##### Data block

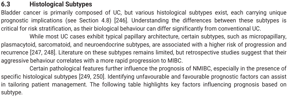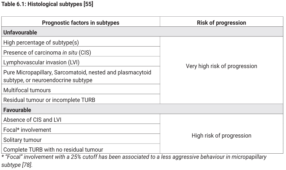 指南中增加了关于组织学亚型的新章节6.3节,包括表6.1,其中概述了不同亚型的预后因素和进展风险。
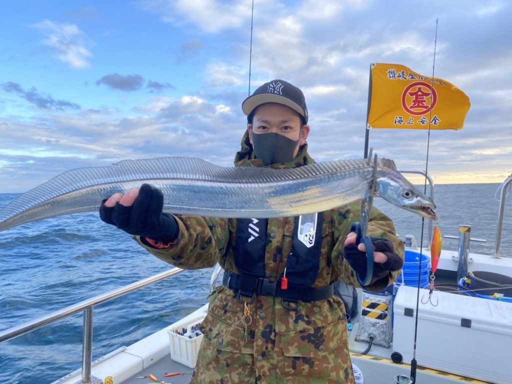 やはり午後から風が吹いてきて少し早めの帰港となりましたが何とかマダイは3枚キャッチにタチウオも3本キャッチ。
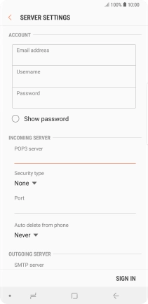 Press the field below "POP3 server" and key in the name of your email provider's incoming server.
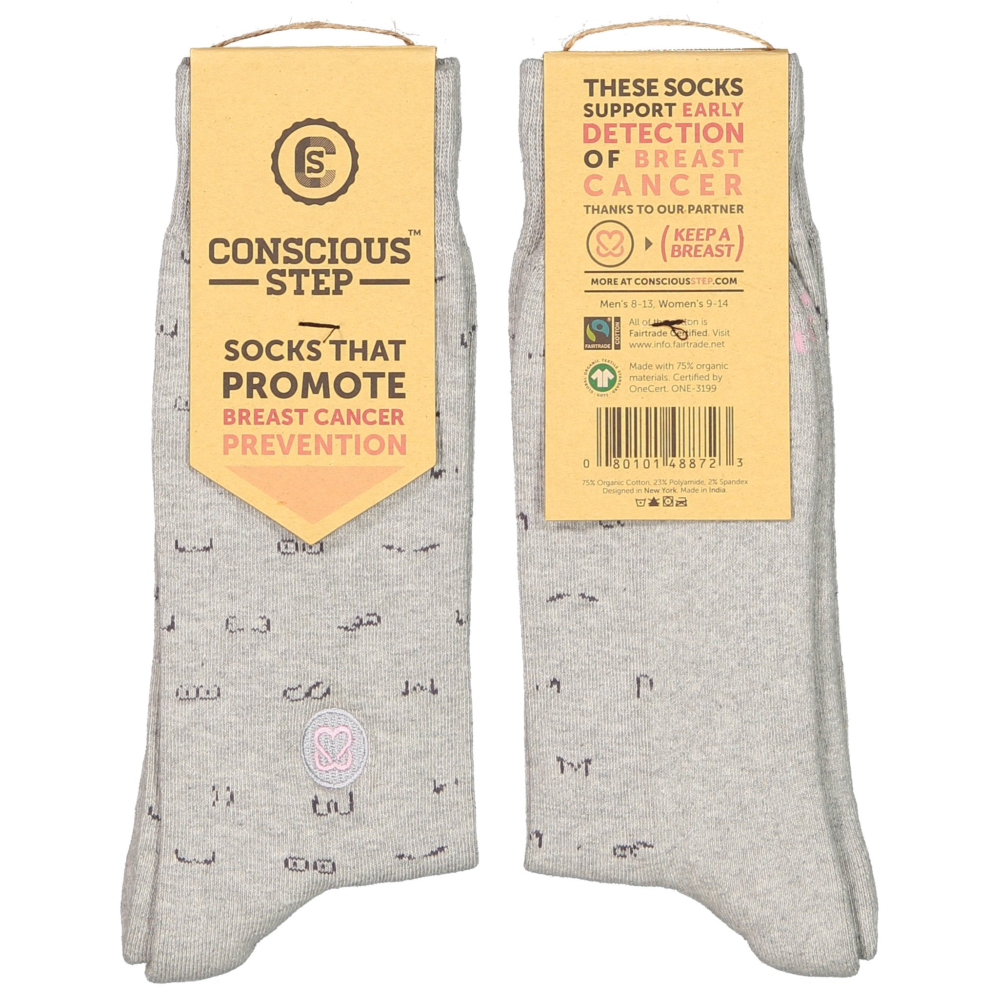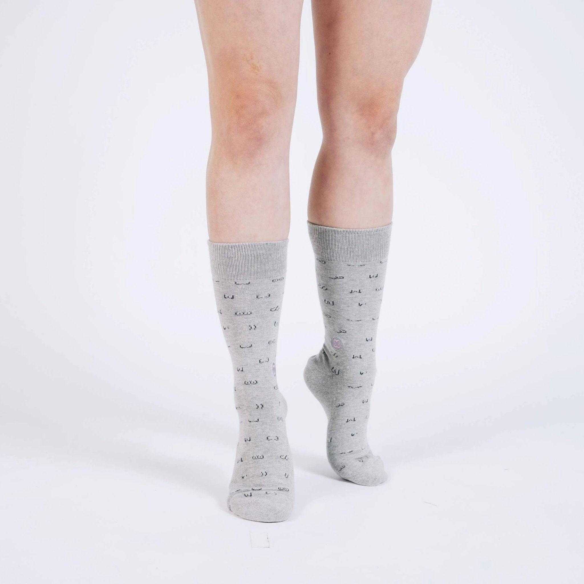 Hvert sokkapar styður félagasamtökin Keep A Breast við vinnu þeirra við að fræða ungt fólk um forvarnir brjóstakrabbameins, hluti af söluverðinu fer til þeirra. Sokkapörin eru ljósgrá með svörtu mynstri. Þetta er falleg gjöf sem gefur áfram fyrir þann sem þér þykir vænt um.

##########

▶ _The task_: What is needed is a word-for-word restatement of the lines from the one holding "Press the field" to the final line of the data above, inclusive, without any pictures.

▶ _Response to the task_:
 Press the field below "POP3 server" and key in the name of your email provider's incoming server.
 Hvert sokkapar styður félagasamtökin Keep A Breast við vinnu þeirra við að fræða ungt fólk um forvarnir brjóstakrabbameins, hluti af söluverðinu fer til þeirra. Sokkapörin eru ljósgrá með svörtu mynstri. Þetta er falleg gjöf sem gefur áfram fyrir þann sem þér þykir vænt um.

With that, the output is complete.